Ничего, кроме растворимого кофе, пока и он не кончился. И вода, вода! (Конвульсивно смеется.)
Мужчина: Поговори со мной, лапа моя! Можешь поговорить?
Женщина: Да!
Мужчина: Ну, говори со мной, словно дождь, и не мешай слушать, давай я вот здесь прилягу и буду слушать. (Падает спиной поперек кровати, перекатывается на живот, одна рука его свисает к полу и время от времени барабанит костяшками пальцев.)
Мандолина продолжает.
Давно мы уже не были на одном уровне. Ну, расскажи теперь о чем-нибудь. О чем ты думала в тишине, пока я циркулировал, как грязная открытка, по этому городу. Скажи, поговори со мной! Говори, как дождь, а я буду лежать и слушать.
Женщина: Я…
Мужчина: Ты должна, это необходимо! Я должен знать, и поэтому — говори со мной, как дождь, а я буду лежать и слушать…
Женщина: Я хочу уйти.
Мужчина: Хочешь уйти?
Женщина: Хочу уйти!
Мужчина: Как?
Женщина: Одна! (Возвращается к окну.) Зарегистрируюсь под выдуманным именем в маленьком отельчике на побережье…

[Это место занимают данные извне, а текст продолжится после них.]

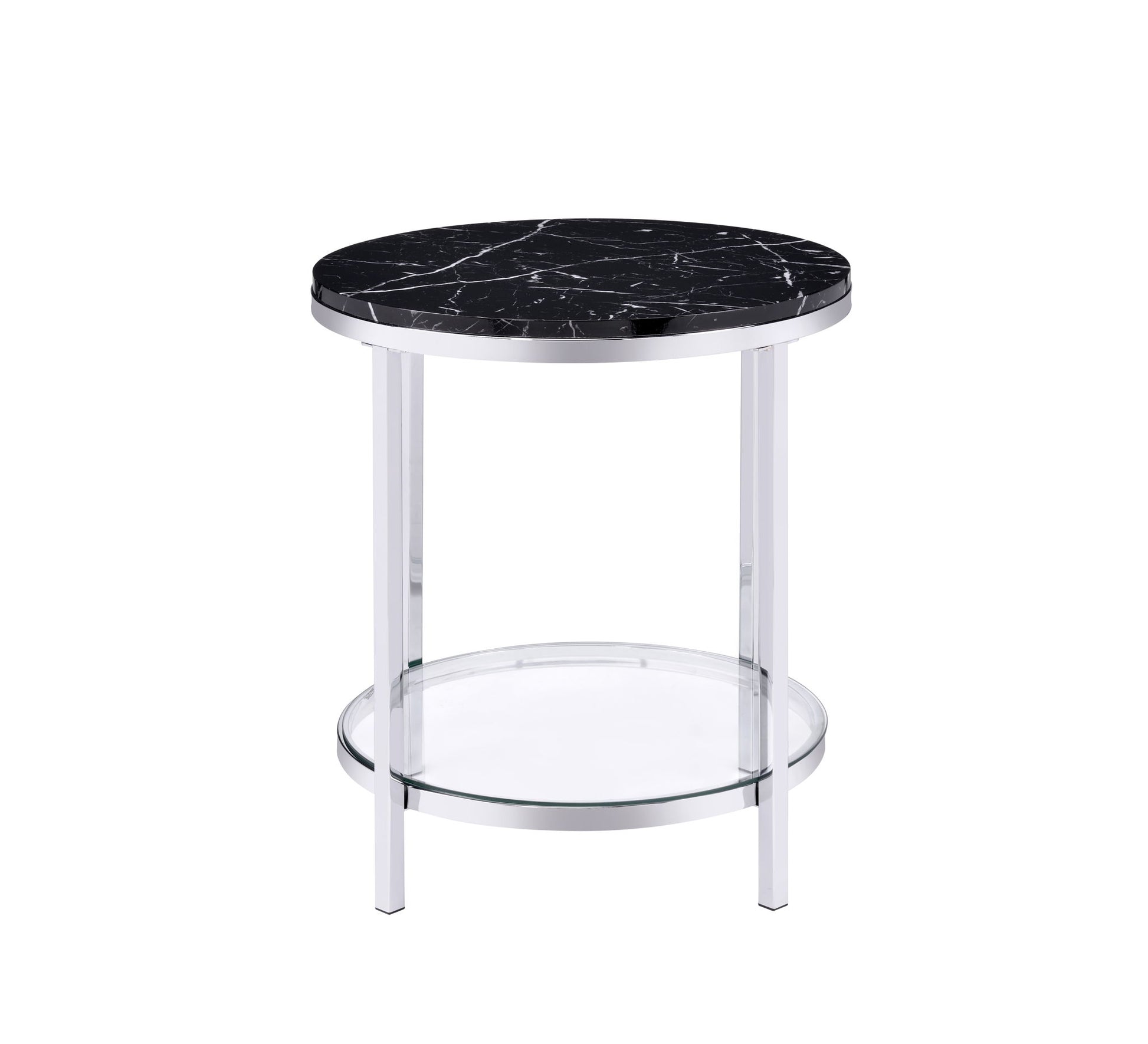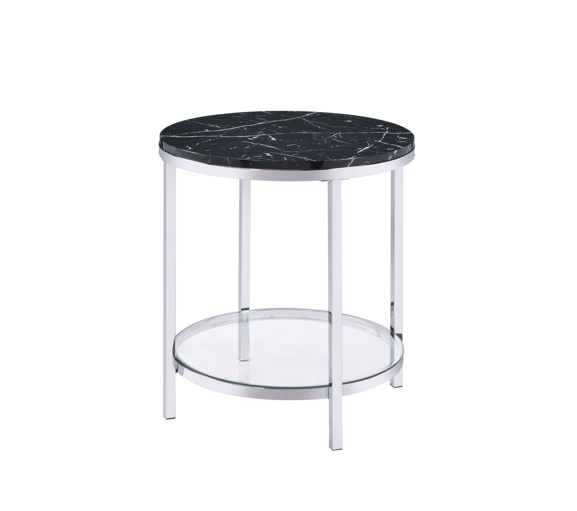 Virlana - Faux Marble Top End Table - Black / Chrome
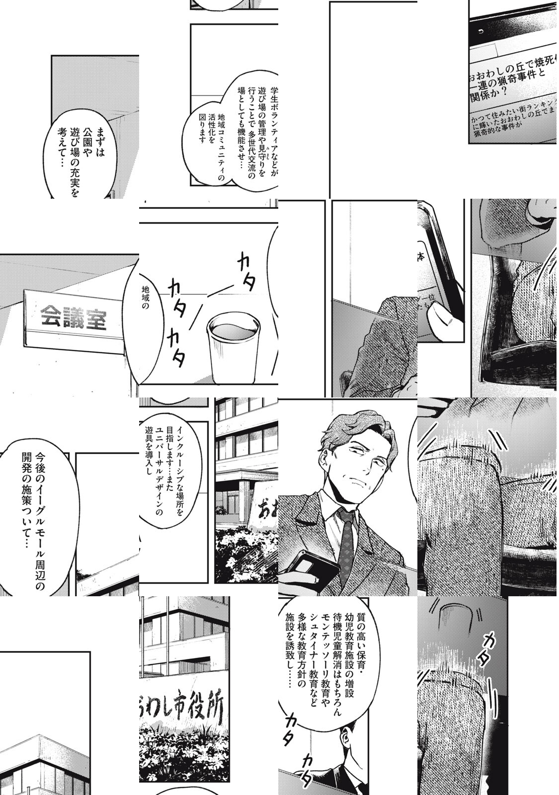 住みたい街ランキングNO.1である「おおわしの丘」。そこで、目、鼻、口、耳が切り落とされた死体と、切り落とされた目、鼻、口が張り付けられた遊具が発見された。事件を調べるのは、異常に「見える」女性・深見。彼女は真相を探るが、新たな事件が起こり…。
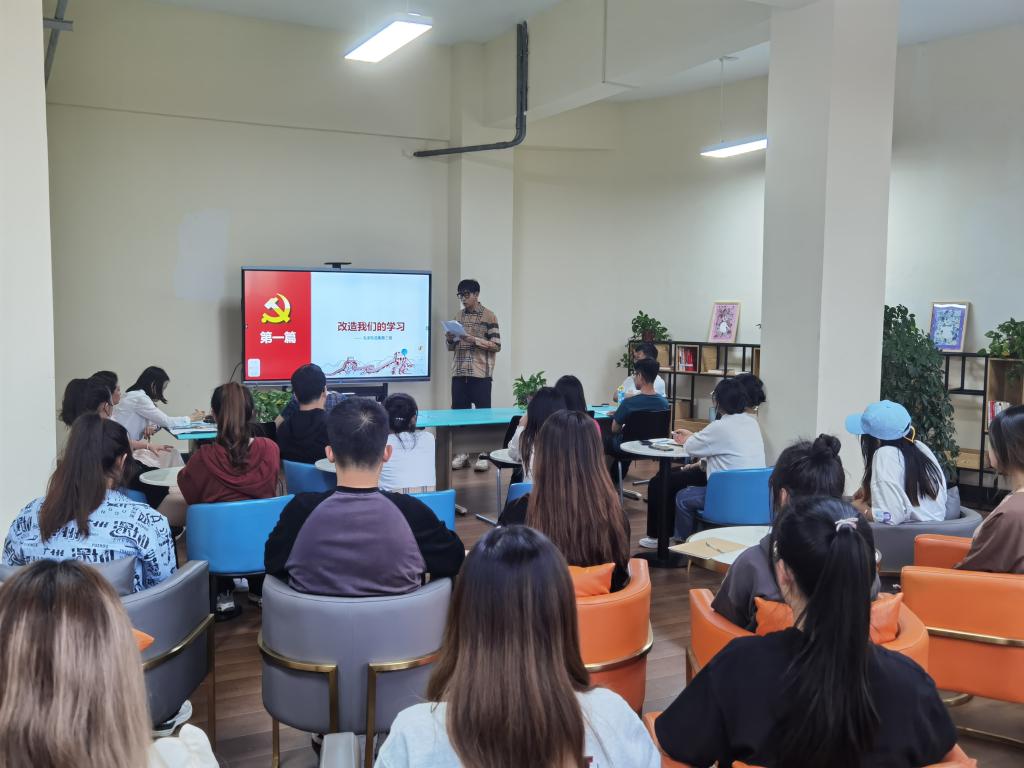 为引导广大青年学生养成阅读的良好习惯,营造书香校园氛围,在第28个“世界读书日”来临之际,经济与管理学院举办“诵读红色经典,赓续红色血脉”读书分享会。本次活动在学校图书馆汇思空间举行,支部党员、入党积极分子参加了活动,图书馆郭晓延、陈琛老师出席了活动,分享会由支部书记马子墨主持。
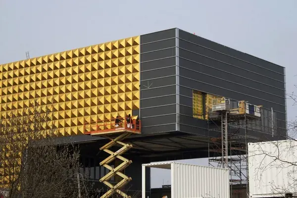 Standing as the centerpiece of the Musicon creative district, this architectural icon serves as a dynamic hub for Danish youth culture. The building is instantly recognizable by its spectacular gold-studded facade and dramatic cantilevered structure, which floats above the entrance like a rock star taking the stage.

Мужчина: Под каким именем?
Женщина: Анна Джонс. В горничных будет старушка, у которой есть внук, о котором она все время говорит. Буду сидеть в кресле, пока старушка готовит постель, руки мои будут свисать по сторонам, а ее голос будет таким мирным. Она мне расскажет, что ее внук ел на ужин тапиока и крем… (Сидит у окна и потягивает воду.) Комната будет затененная, прохладная, заполненная бормотанием…
Мужчина: Дождя?
Женщина: Да. Дождя.
Мужчина: И?
Женщина: Тревоги у-лету-чатся!
Мужчина: Да-да…
Женщина: Через некоторое время старушка скажет: ваша постель готова, мисс — и я отвечу: спасибо… Выну доллар из бумажника. Дверь закроется. И я снова буду одна. Там будет высокое окно с длинными ставнями. Будет сезон дождей, дождь, дождь, дождь… Моя жизнь будет как эта комната — затененная, прохладная, заполненная бормотанием…
Мужчина: Дождя…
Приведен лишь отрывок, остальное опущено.